In Ghana, handing out anything with your left hand is considered a bad habit. The right hand is the good hand, the left hand is the bad hand. So be it handshakes, money, gifts or food, you neither receive or give anything with your right hand. Safe to say that southpaws are considered, abnormal but you will find so very few of them as it is often corrected from childhood with smacks every time the child uses the left hand to receive or give something.
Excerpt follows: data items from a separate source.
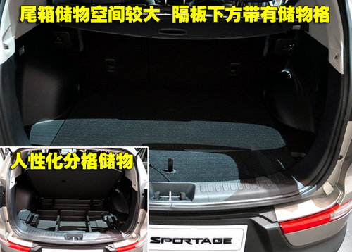 對(duì)于起亞SLC而言,儲(chǔ)物是它的最大強(qiáng)項(xiàng),當(dāng)后排座椅完全放倒下,備箱儲(chǔ)物空間進(jìn)一步加強(qiáng)。另外備箱的開(kāi)口也很大,便于取放較大的物品。備箱隔板下另設(shè)有暗藏的儲(chǔ)物格,并且?guī)в蟹指粼O(shè)計(jì),存放小物品時(shí)也更加方便,人性化設(shè)計(jì)值得稱(chēng)贊。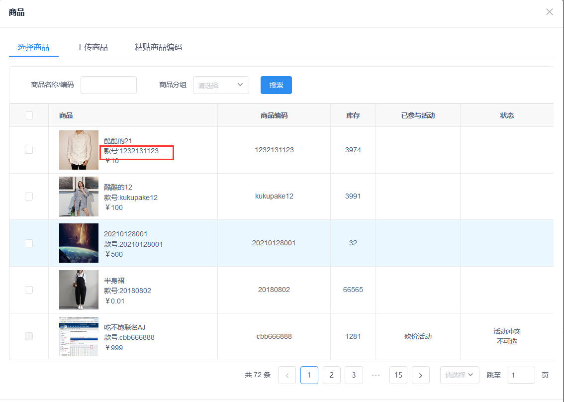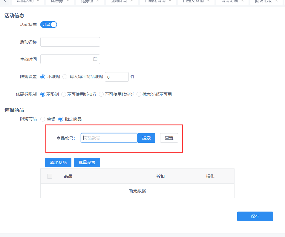 4、限时特价、限时折扣增加商品款号搜索(多个商品款号按,隔开)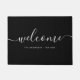 Doormat featuring the word "Welcome" in modern calligraphy script and that you can personalise with your family name all against an editable background colour (click customise to change).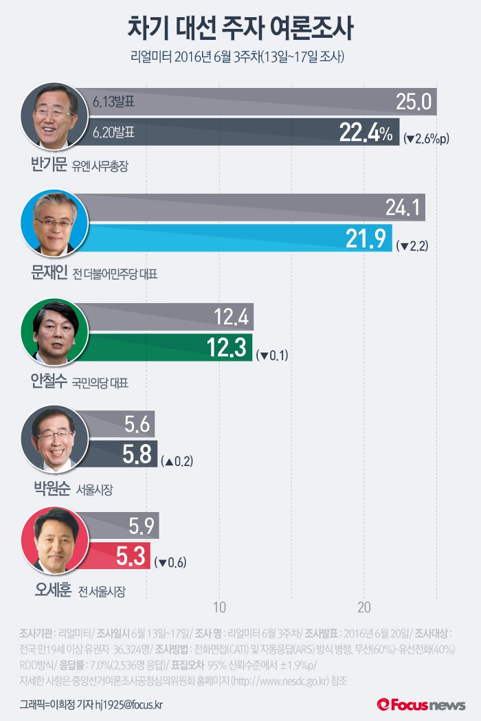 (서울=포커스뉴스) 여론조사 전문기관 리얼미터가 20일 발표한 6월 3주차 주간집계 여론조사 결과에 따르면 반기문 유엔 사무총장과 문재인 전 더불어민주당대표가 오차차범위내 접전을 벌이며 양강구도를 재확인했다.
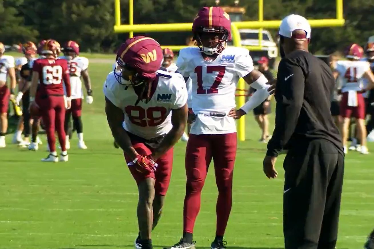 Jahan Dotson, Olamide Zaccheaus, Dyami Brown, and third-round pick Luke McCaffrey are also in what Dan Quinn described as a spirited fight for the job.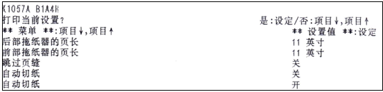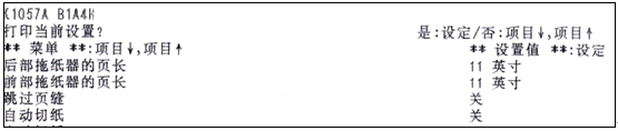 4. 确定是否需要打印打印机的当前缺省设定值:这时,打印机会打印出一条信息(如图二),询问是否打印当前设置。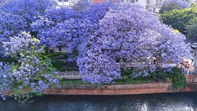 四月開始,開遠(yuǎn)的藍(lán)花楹率先登場。伸展的枝丫盛滿藍(lán)紫色的花朵,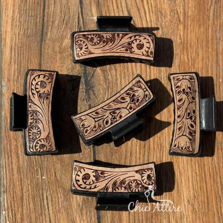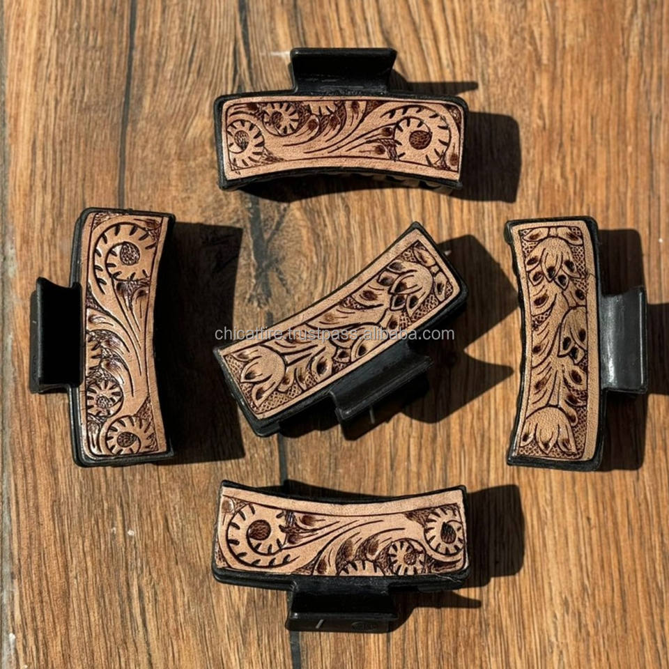 Product name:Hand Tooled Leather Women Hair Claw Clip

Ask for permission before taking photos

Ghanaians love to pose for their pictures. Be it in the market or on the street. As a tourist, as much as you would love to take pictures of day to day life in Ghana, be sure to take permission from the subject of your photography before proceeding to shoot. If you wan’t the shot to be taken mid-action while they are on about their activities, tell them as much. Just make sure that they are aware otherwise you may be mildly harassed and asked to delete the picture from your camera roll and asked to take another one, properly this time.

Don’t smoke in public

You would find Ghanaians smoking in nightclubs, lounges and bars once nightfall descends but don’t take this for an open acceptance of smoking in public. Ghanaians frown upon smoking in public places such as the street walk and markets. People will pass by you and spit at the ground to register their displeasure of you polluting the air that everyone is commonly breathing. If you need a fix so bad, find a pub or lounge to smoke in or a bathroom stall.

Smelling/Sniffing food

Don’t smell what you won’t eat. That’s a common saying across Sub-Saharan Africa. In Ghana in particular it is considered very rude and offensive to sniff food, to perceive it’s freshness, flavour, or whatever else reason that the guest may have for smelling the food. It communicates a lack of trust that what has been offered is not good enough or probably stale. In order not to piss of your host or servers, please do not sniff at food offered you under any circumstances, if you aren’t sure about its preserved quality you can simply decline the food from the get go.

Make small talk

There is no going straight to the business with Ghanaians. It is appropriate whether meeting for business or pleasure to engage in small talk before starting the order of the business of the day. Asking about your acquaintance day, family, their health and business before delving into the matter on ground is considered good practice and shows that you wish them well and care about their well being. So while you may be the pragmatic straight shooter, with Ghanaians, you have to do the dance first before you get right into it. Which is great because this shows the warm and amiable spirit that Ghanaians generally possess.